Her priorities are lowering the cost of living, solving the homeless epidemic, and increasing public safety in communities.


Her plan to lower the cost of living calls for reducing costs of government regulations on housing construction and reducing the time for projects to be approved.  She also opposes SANDAG’s proposed vehicle mileage tax that would cost San Diegans an extra 4.5 cents for each mile driven.


She would create homeless outreach teams staffed with social workers, mental healthcare workers, and law enforcement to help homeless people get access to services and clean up the streets. Reichert is a former Celebrate Recovery leader through her church, helping people with drug and alcohol addictions.


Countywide, she notes on her website that violent crime is up 14% over the past year, but the Sheriff’s department is understaffed by 240 deputies.  She wants to boost recruitment efforts to hire more deputies.


Other priorities of hers including making sure  COVID relief funds go to those who were hurt most by lockdowns and business closures, eliminating discriminatory mandates, keeping county meetings open to the public, and prioritizing mental health.  The latter is personal for Reichert, who struggled with post-traumatic stress disorder and depression after suffering the death of her newborn daughter and her father within five weeks.


Raised in Tierrasanta by adoptive parents, after losing her father, a search for her biological mother inspired her to pursue a career as an investigator. As a private investigator, she has tracked down missing persons and uncovered Medicare fraud, according to her website. Her investigation of the hospital where her newborn daughter died also led to a state investigation and the hospital held legally responsible for the death.


She earned her Master’s degree in Divinity and served as a minister at Eastlake Church.  She and her husband, Christian Reichert, live in La Mesa with their two sons, Alex and Chris.  


Her endorsements include prominent Republicans such as Congressman Darrell Issa, El Cajon Mayor Bill Wells, and State Senator Brian Jones as well as the San Diego County Republican and Libertarian parties and California Parents United.


Janessa Goldbeck says, “For me, it’s always about the mission.”


A decorated Marine Corps veteran, she served as a uniformed victim advocate in the Marines, standing up for victims of sexual assault and fought against a ban on women holding top jobs in the military.

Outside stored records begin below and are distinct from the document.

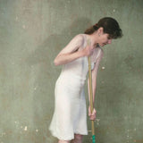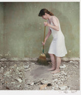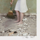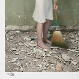 In this image, Lake presents a double image of herself in a white slip dress, sweeping a dusty floor filled with rubble. The photo comes from a site-specific installation presented in partnership with the Art Gallery of Ontario, taken during the last month's of the museum's major renovation project.
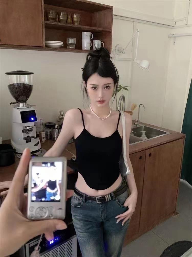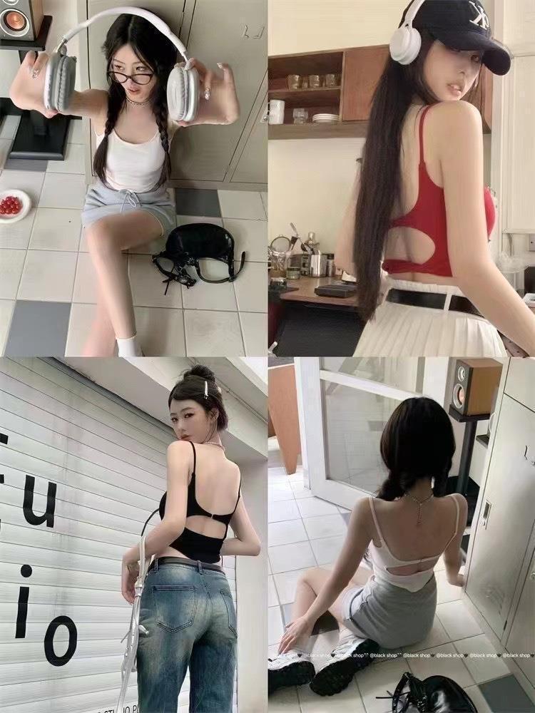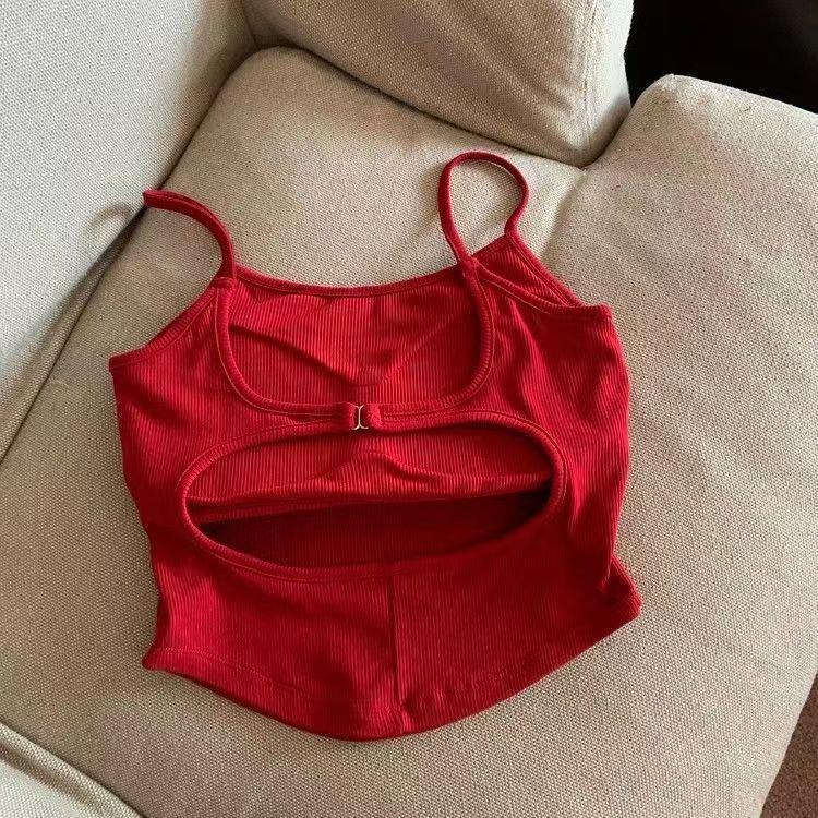 여름 새 스타일 뜨거운 소녀 할로우 뷰티 스트랩 가슴 패드 카미솔 여성용 내복 외복 섹시한 백리스 한국 스타일스토어 가기
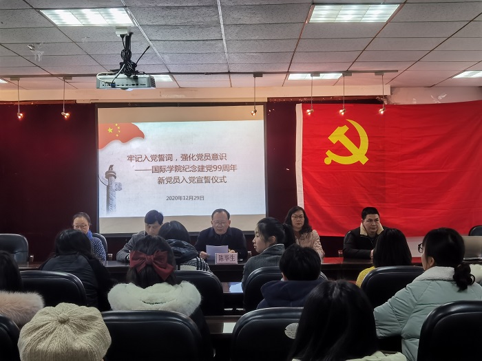 (betway西汉姆官网 陈文心 报道|摄影 刘成龙 吴育涵 田甜) 12月29日中午,国际公司党委在行政楼六楼会议室举行“庆祝建党99周年”新党员入党宣誓仪式。国际公司党委书记陈毕生,党委副书记黄暐、王瑛以及各党支部书记出席,有68名新党员及各党支部党员代表参加。此次入党宣誓仪式由公司党政办副主任王治航主持。
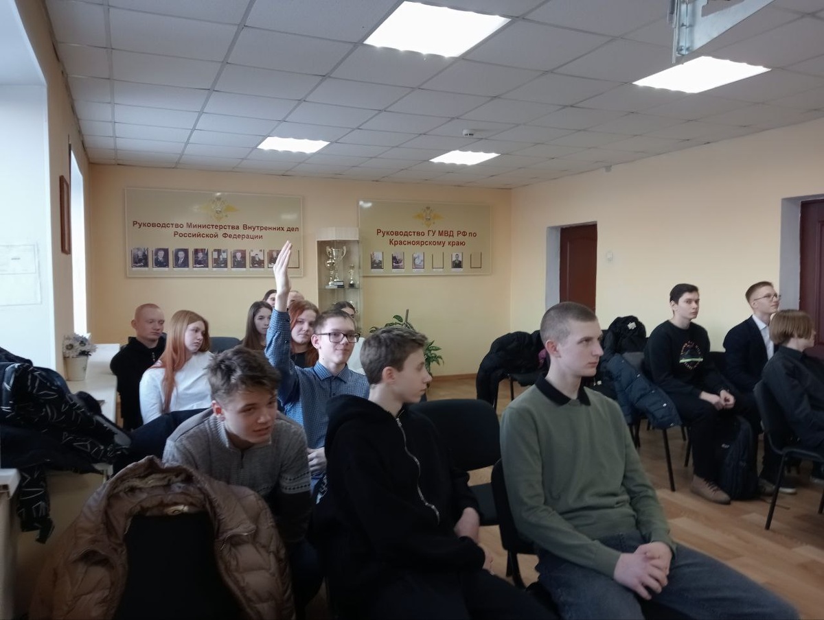 В Отделе МВД России по Богучанскому району состоялось мероприятие, организованное для старшеклассников богучанских школ. В первую очередь, в нем приняли участие ребята, у которых в планах связать свою будущую профессиональную деятельность со службой в органах внутренних дел. Своим богатым опытом службы поделился с молодежью ветеран МВД Федор Димчев, рассказав о мотивах выбора профессии и пройденном пути. Федор Федорович подробно остановился на отличиях между милицией и полицией, подчеркнув важность обеспечения общественного порядка как основного принципа их деятельности. В ходе беседы у молодежи появились вопросы, что свидетельствовало о живом интересе к теме. В заключение своего выступления ветеран МВД напутствовал будущих полицейских: «Самое главное в любой ситуации оставаться человеком и верить в добро». Начальник Отдела подполковник Максим Соколов подчеркнул, что полицейские, как мужчины, так и женщины, несут важную службу государству, закону и обществу. Для школьников руководитель

Before joining the Marines as a combat engineer officer, she worked as a human rights advocate to protect civilians in conflict zones in Sudan and Myamar.  She has a bachelor’s degree from Northwestern University and a master of arts degree from the University of San Francisco.


She serves as CEO of Vet Voice Foundation, a national nonprofit that gives military families a bigger say on issues such as lowering costs for families, workers’ rights, the climate crisis, inequality, and assuring safe, healthy communities.


Locally, she’s fought for affordable and middle-income housing, union jobs, equal pay for women particularly minority women, resources to prevent veterans’ suicides, LGTBQ services, “common sense” gun safety measures, and services for homeless youths.


According to her website, she played a leading role in securing one of the largest federal investments in recreation infrastructure, public lands access, land and water conservation and worked with the Biden administration to designate three new national monuments.  She calls herself an “avid explorer and advocate for the outdoors” as well as an “experienced policy advocate.”


She serves on the boards of the UCSD Chancellor’s Community Advisory Group, MANA de San Diego and the San Diego LGBT Community Center, the San Diego Mayor’s LGBT task force, and the County’s Behavioral Health Advisory Board.


Raised in San Diego County, she cut short her military career to care for her mother with Alzheimer’s, an experience that she says has made her a strong advocate for caregivers.  She and her wife, Carol, live in San Diego.


Her endorsements include Democratic Congressmen Mike Levine, Juan Vargas and Scott Peters, former Congresswoman Susan Davis, California Senate President  Pro Tem Toni Atkins, and more.